# Shabad Kirtan Recitation Based On Raags Only?



## Admin (Aug 5, 2004)

SSA Ji, 

I have been listening to Bhai Harjinder Singh Ji (Sri Nagar Walae) for quite sometime. He does not recite Gurbani on music based on Raags. Does this makes his singing the praise of Waheguru any lesser than those Ragis who sing on tunes based on raags like Bhai Nirmal Singh Ji. 

Frankly speaking 
	

	
	
		
		

		
			





 , I find the Gurbani recitation by both of the raagis very enchanting and near to my heart. So my question is *Should we only listen to the Gurbani being recited in tunes based on Rags only ?*


----------



## Tejwant Singh (Aug 5, 2004)

Sikhi IS based on Light & Sound. hence music is the integral part of Sikhi. As we all know that through music we can nudge our emotions. Music can also make us feel what's being sung whether we get the lyrics or not. My friend David who lives in Brasil loves to listen to Asa Di Vaar all the times. Although he does not understand a word of it, he loves the musicality of Gurbani.

Our Gurus wrote Gurbani in music so that people who did not understand what was being sung could hymn along and feel the power of Gurbani in a subliminal fashion. Gurbani was composed for all mankind irrespective of hue,creed or faith.

So Gurbani music is a foot in our door (Dasan Duar), so to speak, but to make the door wide open we have to change this beautiful poetry into prose so that we can make it the integral part of our life.

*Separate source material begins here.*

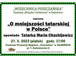 Мерапрыемства адбудзецца 27 кастрычніка ў Цэнтры прамоцыі рэгіёна «Чарлёнка» у Гайнаўцы.

Now to answer your question..whatever tickles ur fancy.

Peace & Love

Tejwant


----------



## gurmatsangeet (Aug 21, 2004)

*Gurbani & Raag*

Beloved Brothers and Sisters

this topic is somewhat a touchy subject purley because we dont know the truth and cannot access the 'truth' even in our gurudwara sahib's anymore,and it is because of this we are at a huge disadvantage. Kirtan and gurmat sangeet was given to us by our Gurus for us to get closer with Akaal Purkh, it was the tool that would help us to survive through Kalyugh. We ourselves have chosen to go for the weaker tool which involves a harder journey, if we opt for the stronger tool our journey will become alot more easier and fruitful.

In the times of our Guru's ALL kirtan and Gurbani was and always has been sung in Raag, hence the title of raags being in Guru Maharaaj and if you notice the title raag is always read during an Akhand Paath Sahib but when our raagis do kirtan in Guru Maharaaj's Hazoori firstly they dont sing the title and secondly they pull out that oh so famous hindi tune and break all the guidelines set for the raags.

A lot of you may disagree and say that kirtan is more about the Gurbani and less about the music but that is not true at all, they are as important as each other. Only when the two are performed together in the correct way can the truth flourish just like it did during our Guru's times. The stronger tool is not likely to break and it is most definatly the safer route.


Bhull Chukh Maaf


----------



## Arvind (Aug 22, 2004)

gurmatsangeet said:
			
		

> Kirtan and gurmat sangeet was given to us by our Gurus for us to get closer with Akaal Purkh


Singh ji,

Are Kirtan and Gurmat Sangeet two different things?

Regards.


----------



## gurmatsangeet (Aug 23, 2004)

*gurmat sangeet*

Yes kirtan and gurmat sangeet are the same thing, however gurmat sangeet refers to kirtan sung in title raag and only in title raag, which is the correct method of performing kirtan.


daas
sevadaar


----------



## Arvind (Aug 23, 2004)

Just to be clear:
Gurbani when sung with musical instruments is Kirtan, and
Gurbani Kirtan when done in title raag only, is the gurmat sangeet.

Is above understanding correct one?

Recently, I realized one thing that, when we just hear (not do kirtan ourselves), then Bhai Harjinder Singh Ji kind kirtan gives a great listening pleasure. However, when one starts performing Kirtan as per gurmat sangeet, ON THEIR OWN, that gives pleasure beyond words.

Thanks.


----------



## Amarpal (Aug 25, 2004)

Dear Members,

There is a difference in singing as in public performane (classical hindustani music), and Gurbani Kirtan based on the same Raga. 

In public performance the artist uses lyrics to bring out the beauty of Raga. Where in Gurbani Kirtan the ragis use raga to bring out the beauty of the shabad.

In Gurbani there is not much emphasis on taan, alaaps or Karaz, where as it is just the opposite in redering the ragas in public performane. In Kirtan emphasis is on sabad, in performance emphasis is natually on Raga.

With love and respect for all.

Amarpal


----------